Bioinformatics has been one my main interests since the early 90's. Currently, I have been working on development of the Protein Kinase Ontology, ProKinO, which has been a collaborative project with Dr. Natarajan Kannan from Biochemistry and Molecular Biology at UGA. Protein kinases are an important, diverse family of enzymes that are genomically altered in many human cancers. ProKinO represents a wealth of knowledge and data related to protein kinases and allows for formulating and executing integrative, hypothesis-driven queries. We have written a software system to automatically repopulate ProKinO at regular intervals, with relevant data from a variety of sources, including UniProt, KinBase, COSMIC, and Reactome. Furthermore, together with my Ph.D. student, Shima Dastgheib, we have developed a graphical query builder, suitable for biologists who are not familiar with the SPARQL query language and the ProKinO schema.

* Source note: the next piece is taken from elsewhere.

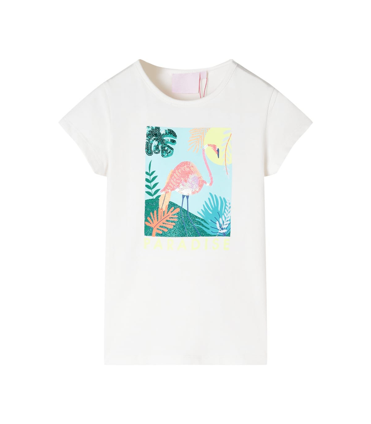 Our children's clothing line is all about affordable, high-quality, and durable everyday wear for kids aged 1.5 to 10. Our range includes jackets, sweaters, shirts, and many more, with a variety in style, size, and colour. Following the high-quality standard in the market, we are using high-grade materials and advanced manufacturing techniques. This kids' T-shirt has short sleeves, a round neckline, and a straight model. This T-shirt features a sequin flamingo surrounded by the fronds. This T-shirt for kids is also printed with "PARADISE" words. The children's short sleeve T-shirt is made of 95% cotton and 5% elastane for comfort and breathability. Good to know: The size chart in the picture provides measurements for kids aged 1.5 to 10, covering the height, chest, waist, and hip. You can easily find the right fit for your child.

Currently, I have been working identification of impacts somatic mutations in protein kinases. It is an important project, since mutations in kinases have been experimentally linked to many different types of cancer. We have been text mining all full-text articles downloadable from PubMed Central ftp site (nearly one million articles). All of the automatically identified impacts are later curated by researchers in order to eliminate any false positives. The final mutation impact results collected and curated in this text mining project will be incorporated into the ProKinO ontology.

I have also been working on a variety of projects related to the biology of glycans, and more specifically to glycomics, computational aspects processing data and knowledge about glycans. More information is available on the glycomics Web site.

In the 90's, I have worked on the project to create an information system for the genome mapping of the fungus Aspergillus nidulans, a joined project with of Dr. Jonathan Arnold of the Genetics Department at the University of Georgia. I have designed and implemented a software system called Fungal Genome Data Base (FGDB) capable of constructing and editing of physical maps. The system, capable of generating various maps, editing genome data (for chromosomes, clones, probes, sequences, genes, etc.), and connecting to other genome and protein databases (for example, GenBank), has been successfully used to create and fine-tune the physical maps of Aspergillus nidulans and Nectria Haematococca. Subsequently, it was used to create the physical maps of Neurospora crassa and Pneumocystis carinii.